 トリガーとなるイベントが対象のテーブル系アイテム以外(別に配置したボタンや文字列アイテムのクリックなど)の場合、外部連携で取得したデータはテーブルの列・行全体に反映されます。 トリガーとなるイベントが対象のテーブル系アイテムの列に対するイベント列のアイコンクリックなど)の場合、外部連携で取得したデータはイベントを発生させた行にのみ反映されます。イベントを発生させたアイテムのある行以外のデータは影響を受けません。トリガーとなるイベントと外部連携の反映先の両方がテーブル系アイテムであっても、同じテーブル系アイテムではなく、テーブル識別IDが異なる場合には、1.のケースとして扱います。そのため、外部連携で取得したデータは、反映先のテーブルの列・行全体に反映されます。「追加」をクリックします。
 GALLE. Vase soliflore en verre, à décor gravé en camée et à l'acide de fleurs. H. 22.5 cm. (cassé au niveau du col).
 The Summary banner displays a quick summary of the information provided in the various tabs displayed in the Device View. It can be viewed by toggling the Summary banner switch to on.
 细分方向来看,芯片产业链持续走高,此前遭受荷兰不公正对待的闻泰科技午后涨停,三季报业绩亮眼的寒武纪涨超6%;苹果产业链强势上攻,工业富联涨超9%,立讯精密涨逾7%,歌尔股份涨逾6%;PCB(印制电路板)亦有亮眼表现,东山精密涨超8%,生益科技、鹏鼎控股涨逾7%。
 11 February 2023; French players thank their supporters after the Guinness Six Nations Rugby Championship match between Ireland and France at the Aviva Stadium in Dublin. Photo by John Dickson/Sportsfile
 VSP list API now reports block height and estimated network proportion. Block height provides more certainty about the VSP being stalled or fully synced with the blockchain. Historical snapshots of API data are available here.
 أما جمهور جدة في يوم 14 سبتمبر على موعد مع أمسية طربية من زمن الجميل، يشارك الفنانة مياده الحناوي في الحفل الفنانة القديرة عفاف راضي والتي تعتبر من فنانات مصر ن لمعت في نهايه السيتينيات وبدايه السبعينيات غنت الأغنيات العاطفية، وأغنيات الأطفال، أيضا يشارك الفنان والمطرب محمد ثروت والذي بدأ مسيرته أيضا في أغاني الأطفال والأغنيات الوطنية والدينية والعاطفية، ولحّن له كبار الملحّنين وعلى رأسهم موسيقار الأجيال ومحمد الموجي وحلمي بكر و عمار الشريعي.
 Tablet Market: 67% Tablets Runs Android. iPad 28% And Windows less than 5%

---

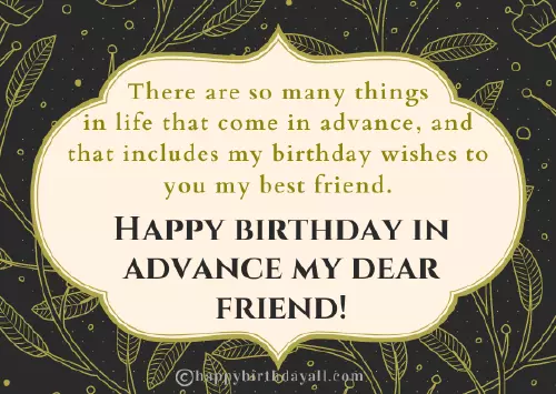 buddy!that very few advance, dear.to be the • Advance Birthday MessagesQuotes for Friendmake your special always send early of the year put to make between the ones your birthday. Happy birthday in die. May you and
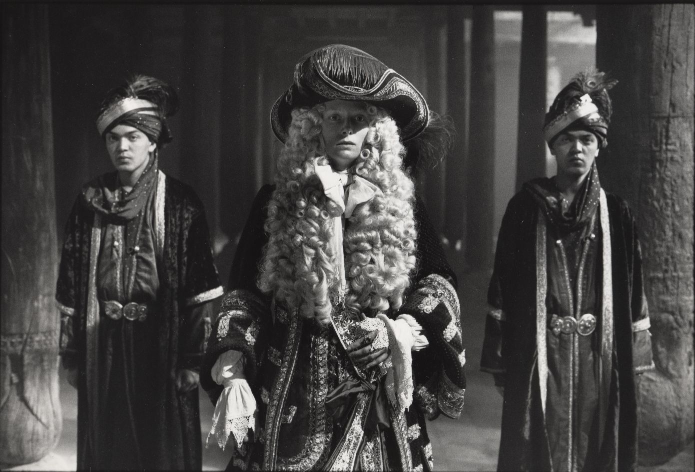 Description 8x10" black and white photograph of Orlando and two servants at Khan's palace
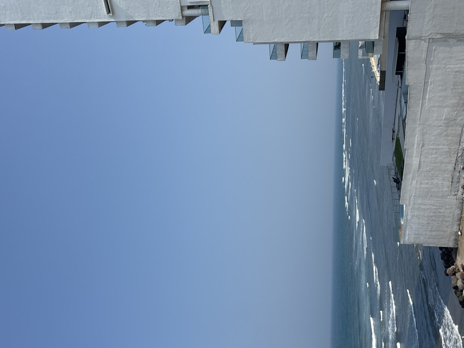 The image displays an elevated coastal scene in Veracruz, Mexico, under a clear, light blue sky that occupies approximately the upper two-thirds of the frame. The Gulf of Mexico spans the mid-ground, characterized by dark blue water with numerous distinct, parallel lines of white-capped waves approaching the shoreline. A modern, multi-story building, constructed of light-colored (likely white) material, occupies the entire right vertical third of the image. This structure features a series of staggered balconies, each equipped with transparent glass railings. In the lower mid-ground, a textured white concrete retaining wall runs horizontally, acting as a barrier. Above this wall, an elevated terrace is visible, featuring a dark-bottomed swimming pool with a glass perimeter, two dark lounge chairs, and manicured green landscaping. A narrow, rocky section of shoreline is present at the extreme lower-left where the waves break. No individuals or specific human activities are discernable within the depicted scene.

==

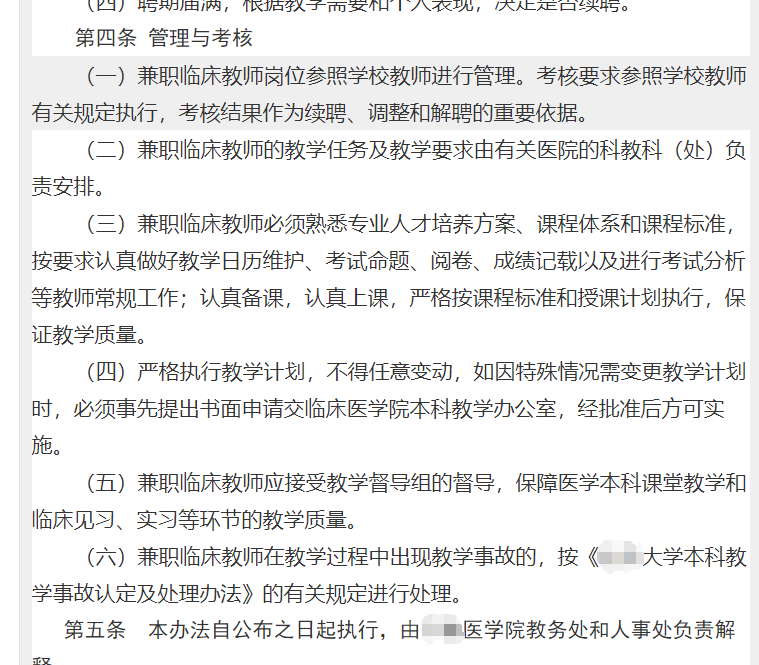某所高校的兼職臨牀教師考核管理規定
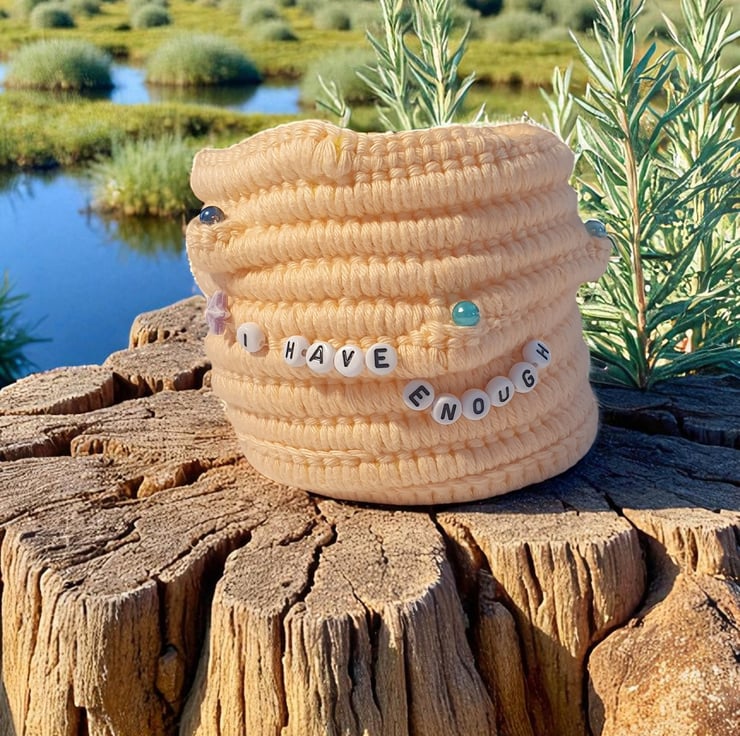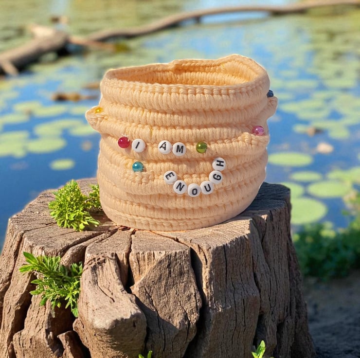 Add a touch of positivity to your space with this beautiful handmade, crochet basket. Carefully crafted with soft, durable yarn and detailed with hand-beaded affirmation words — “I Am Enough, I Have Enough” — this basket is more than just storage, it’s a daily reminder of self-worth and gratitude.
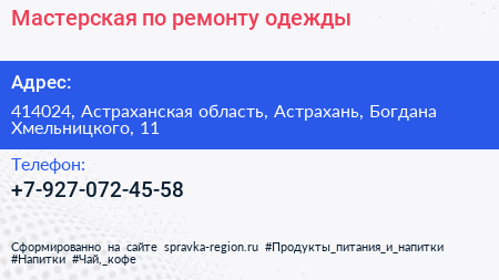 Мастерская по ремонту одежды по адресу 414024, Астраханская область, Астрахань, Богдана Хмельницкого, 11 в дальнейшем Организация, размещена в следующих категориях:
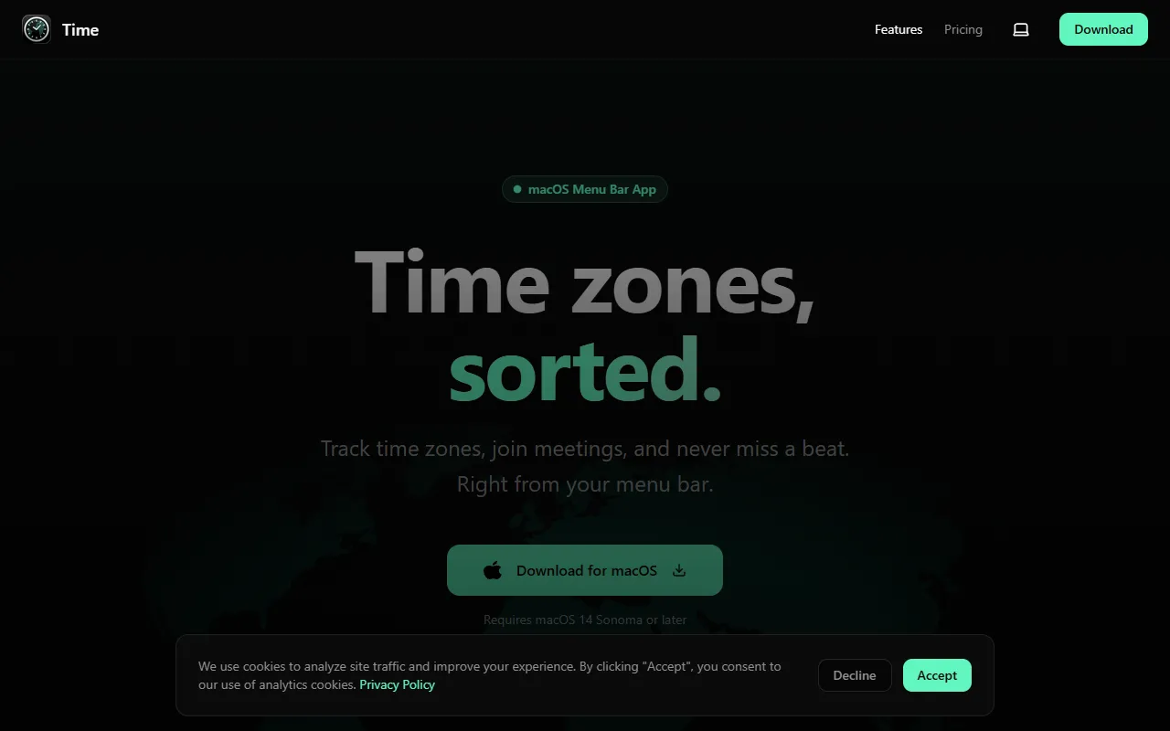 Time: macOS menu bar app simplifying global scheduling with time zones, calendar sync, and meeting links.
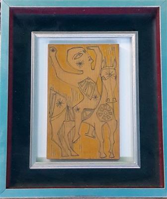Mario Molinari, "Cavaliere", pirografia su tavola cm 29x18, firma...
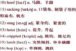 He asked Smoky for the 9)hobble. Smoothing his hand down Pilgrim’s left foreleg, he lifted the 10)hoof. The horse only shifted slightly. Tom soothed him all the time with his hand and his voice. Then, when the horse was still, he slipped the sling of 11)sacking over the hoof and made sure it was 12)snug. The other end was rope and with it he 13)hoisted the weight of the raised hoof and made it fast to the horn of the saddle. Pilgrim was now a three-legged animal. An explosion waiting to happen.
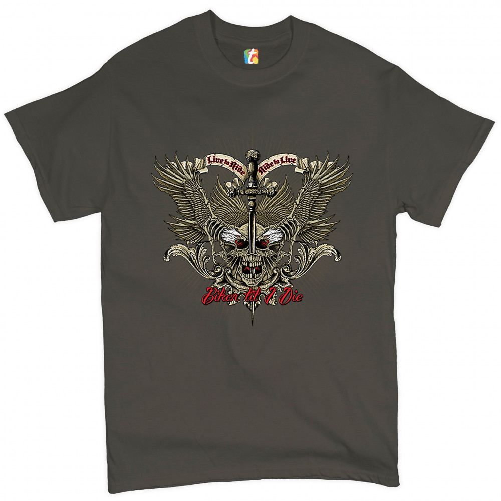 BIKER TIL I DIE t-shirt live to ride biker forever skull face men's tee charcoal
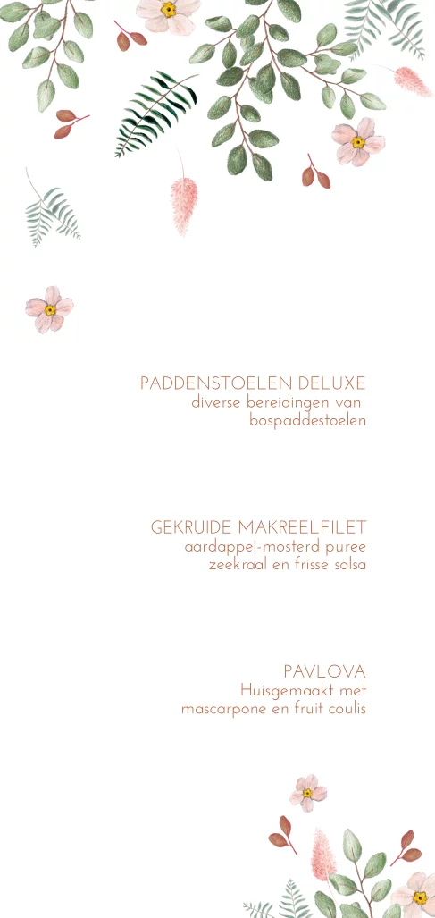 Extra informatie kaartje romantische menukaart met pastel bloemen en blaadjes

(WORK ORDER) In your answer, include only the lines above starting at the line that holds "GALLE. Vase soliflore" and ending at the line that holds "Tablet Market: 67%", copied exactly.

(RESULT OF THE EXERCISE)
 GALLE. Vase soliflore en verre, à décor gravé en camée et à l'acide de fleurs. H. 22.5 cm. (cassé au niveau du col).
 The Summary banner displays a quick summary of the information provided in the various tabs displayed in the Device View. It can be viewed by toggling the Summary banner switch to on.
 细分方向来看,芯片产业链持续走高,此前遭受荷兰不公正对待的闻泰科技午后涨停,三季报业绩亮眼的寒武纪涨超6%;苹果产业链强势上攻,工业富联涨超9%,立讯精密涨逾7%,歌尔股份涨逾6%;PCB(印制电路板)亦有亮眼表现,东山精密涨超8%,生益科技、鹏鼎控股涨逾7%。
 11 February 2023; French players thank their supporters after the Guinness Six Nations Rugby Championship match between Ireland and France at the Aviva Stadium in Dublin. Photo by John Dickson/Sportsfile
 VSP list API now reports block height and estimated network proportion. Block height provides more certainty about the VSP being stalled or fully synced with the blockchain. Historical snapshots of API data are available here.
 أما جمهور جدة في يوم 14 سبتمبر على موعد مع أمسية طربية من زمن الجميل، يشارك الفنانة مياده الحناوي في الحفل الفنانة القديرة عفاف راضي والتي تعتبر من فنانات مصر ن لمعت في نهايه السيتينيات وبدايه السبعينيات غنت الأغنيات العاطفية، وأغنيات الأطفال، أيضا يشارك الفنان والمطرب محمد ثروت والذي بدأ مسيرته أيضا في أغاني الأطفال والأغنيات الوطنية والدينية والعاطفية، ولحّن له كبار الملحّنين وعلى رأسهم موسيقار الأجيال ومحمد الموجي وحلمي بكر و عمار الشريعي.
 Tablet Market: 67% Tablets Runs Android. iPad 28% And Windows less than 5%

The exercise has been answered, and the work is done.